## What you need to do
Give back the full listing exactly, setting the pictures aside.

## Exercise data
== == ==

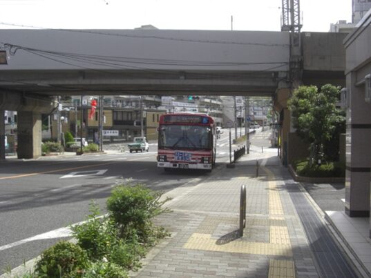 小川を渡った辻から、250mほど進むと、やがて南皮膚科医院が右手角にあり道は突当る。10mほど右に折れてすぐまた左(東)に折れて150mほど進むと、左からバス道路が合流してくるので、バス道を左に分け右に入る、左角に飯田書店があり20mほどで、、小川の所で分岐した道と合流する。
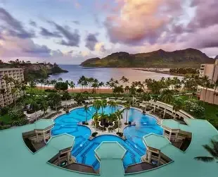 Plan your island getaway to Marriott's Kaua'i Beach Club, a vacation ownership resort just steps from Kalapaki Beach. This oceanfront Lihue resort features guest rooms, parlors, and condo-style villa vacation rentals with a gourmet center and sweeping ocean or garden views. Unwind in our 26,000-square-foot outdoor pool, soak in a whirlpool spa, or enjoy the children's pool. Stay active with a workout in the fitness center or try island activities like snorkeling, surfing, or scuba. After a day exploring Kauai, relax with a massage at our day spa or dine at beachfront restaurants before retreating to your vacation rental sanctuary.
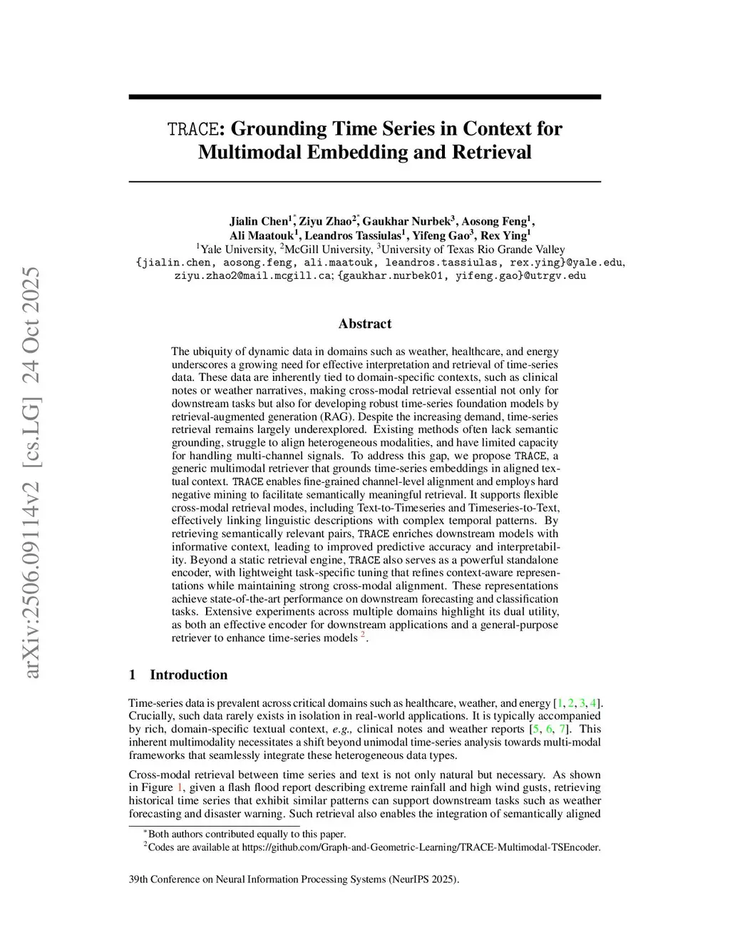 TRACE: Grounding Time Series in Context for Multimodal Embedding and Retrieval
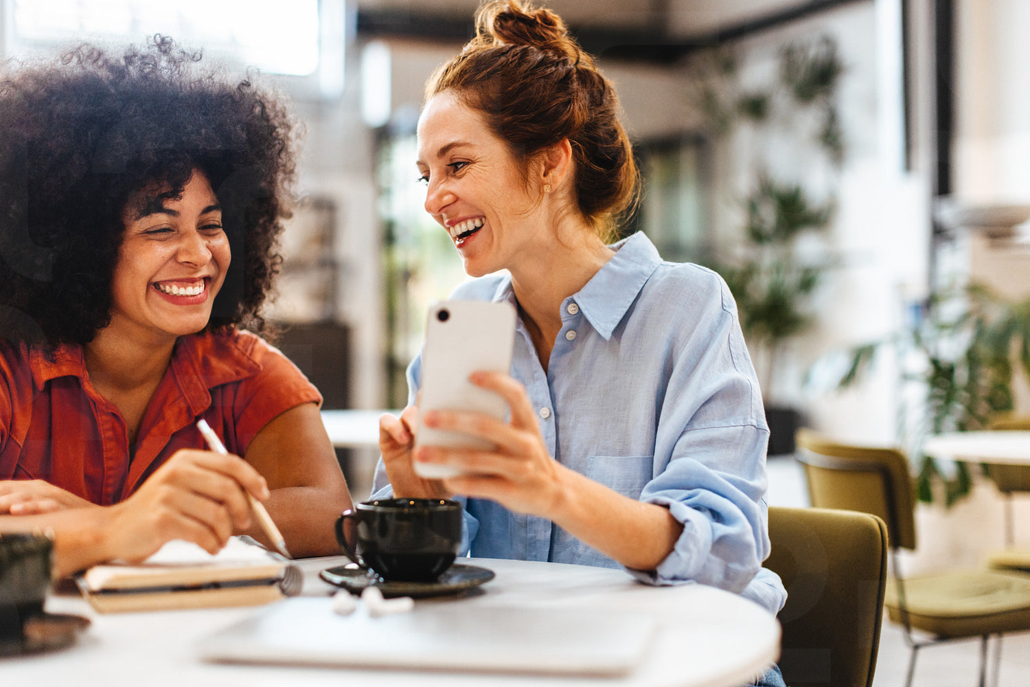 Two female colleagues enjoying a coffee break in their coworking space, reading a client’s text message on a smartphone. Diverse business women smiling as they work together.

== == ==

## Output below
 小川を渡った辻から、250mほど進むと、やがて南皮膚科医院が右手角にあり道は突当る。10mほど右に折れてすぐまた左(東)に折れて150mほど進むと、左からバス道路が合流してくるので、バス道を左に分け右に入る、左角に飯田書店があり20mほどで、、小川の所で分岐した道と合流する。
 Plan your island getaway to Marriott's Kaua'i Beach Club, a vacation ownership resort just steps from Kalapaki Beach. This oceanfront Lihue resort features guest rooms, parlors, and condo-style villa vacation rentals with a gourmet center and sweeping ocean or garden views. Unwind in our 26,000-square-foot outdoor pool, soak in a whirlpool spa, or enjoy the children's pool. Stay active with a workout in the fitness center or try island activities like snorkeling, surfing, or scuba. After a day exploring Kauai, relax with a massage at our day spa or dine at beachfront restaurants before retreating to your vacation rental sanctuary.
 TRACE: Grounding Time Series in Context for Multimodal Embedding and Retrieval
 Two female colleagues enjoying a coffee break in their coworking space, reading a client’s text message on a smartphone. Diverse business women smiling as they work together.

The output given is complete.